ABSTRACT

An interesting aspect of the debate on literacy is the nature of the relationship between human ideas and the technology of writing. It is a part of a broader discussion about the relationship of human subjectivity and material objects that originated with the rise of consumer culture and that literature often thematized. Objects, as contemporary critics observe, do not necessarily remain in antithetical relations to humans but partake in their nature. Marshall McLuhan in his Gutenberg Galaxy points out that diverse technologies are nothing but the extensions of senses (1962, 4) while Julie Park demonstrates in The Self and It that the tools that people employ to increase their capacities become for them instruments of the expression of their selves (2010, xiii).

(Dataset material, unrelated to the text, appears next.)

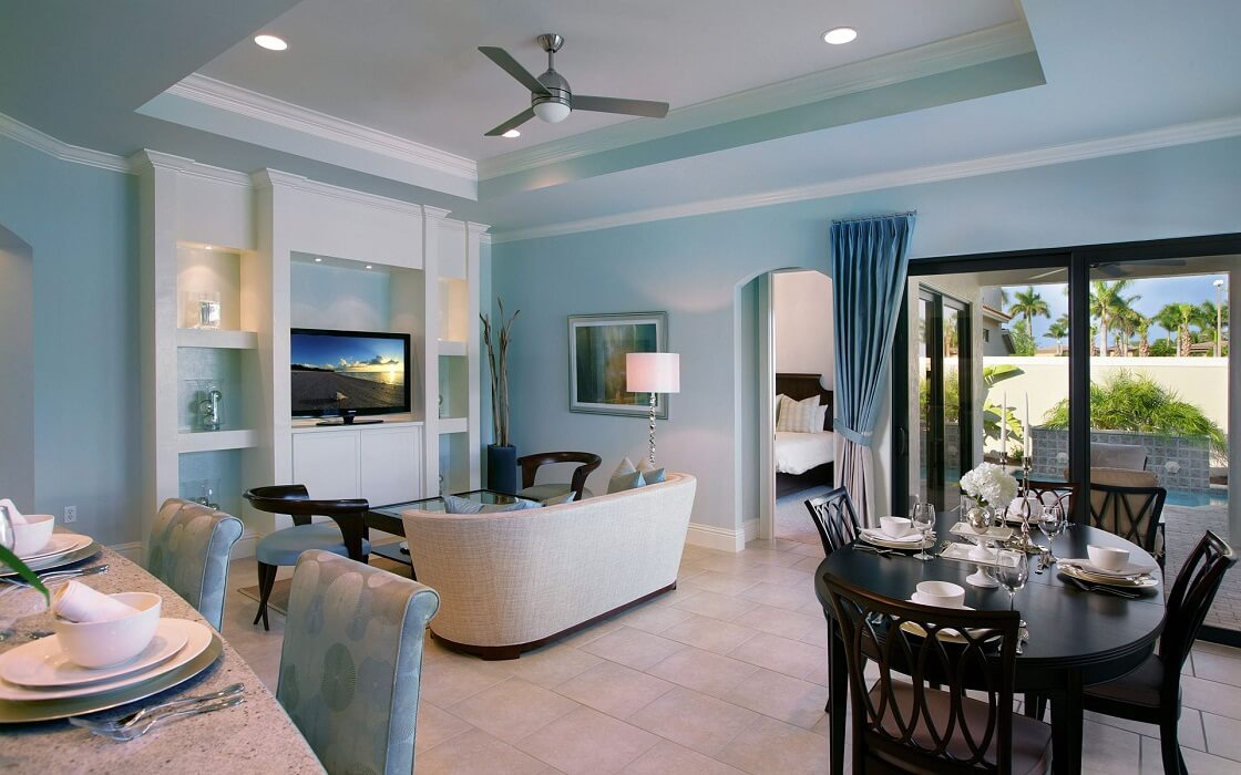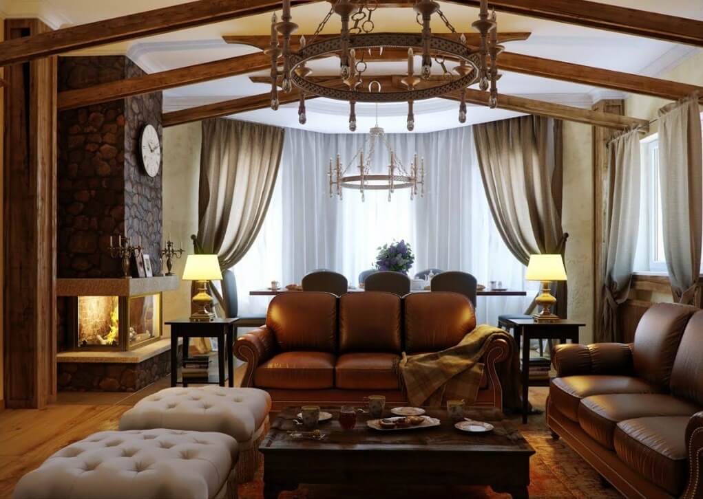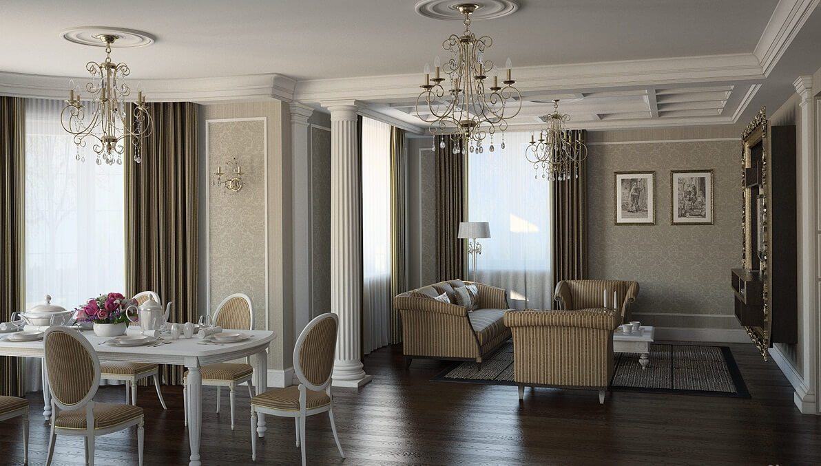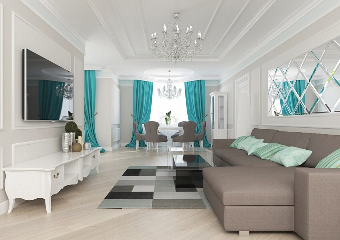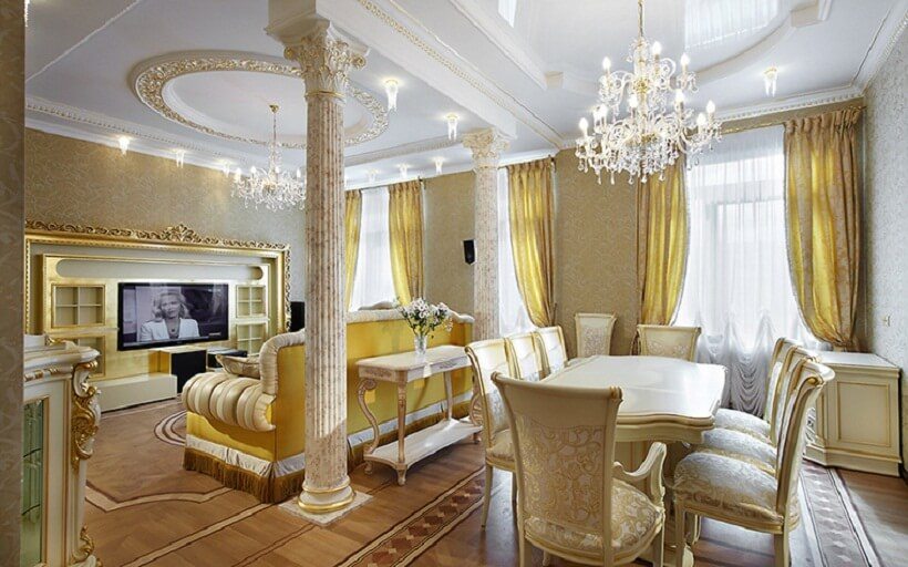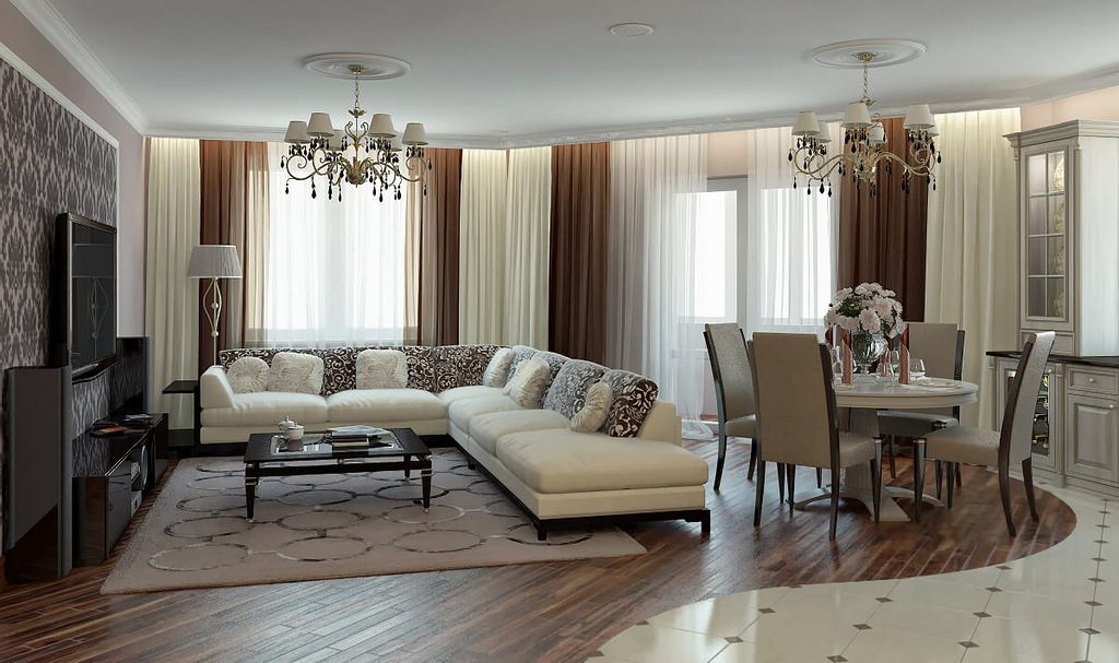 Se recomienda elegir muebles que coincidan con la decisión de estilo. El comedor y el conjunto de asientos deben tener una similitud enfatizada en los detalles, pero diferencias en el material de ejecución, textiles e incluso colores. El mínimo de muebles incluye: una mesa de comedor con sillas, un sofá, sillones y una mesa de café, espacio de almacenamiento (armarios, estanterías, vestidores), un soporte de TV. Esta lista se puede complementar según las dimensiones de la sala principal: las habitaciones con un área de 10 metros cuadrados ya permiten el uso de objetos interiores adicionales.

Objects connected with writing and print technology are particularly well suited for this expressive function since their chief role is the preservation of human thoughts and ideas. As Deidre Shauna Lynch observes, the conflation of identity and writing is even manifest in the polysemy of the word ‘character,’ which signifies both human identity and a sign in the text (1998, 30). In his 1689 Essay Concerning Human Understanding, Locke points to this relation between personality, ideas, and typography by describing cognition as an act of inscribing or imprinting where mind is likened to paper and ideas to characters (Lynch 1998, 34). Human senses, thoughts, and cognition are thus associated with writing materials that partake in human consciousness.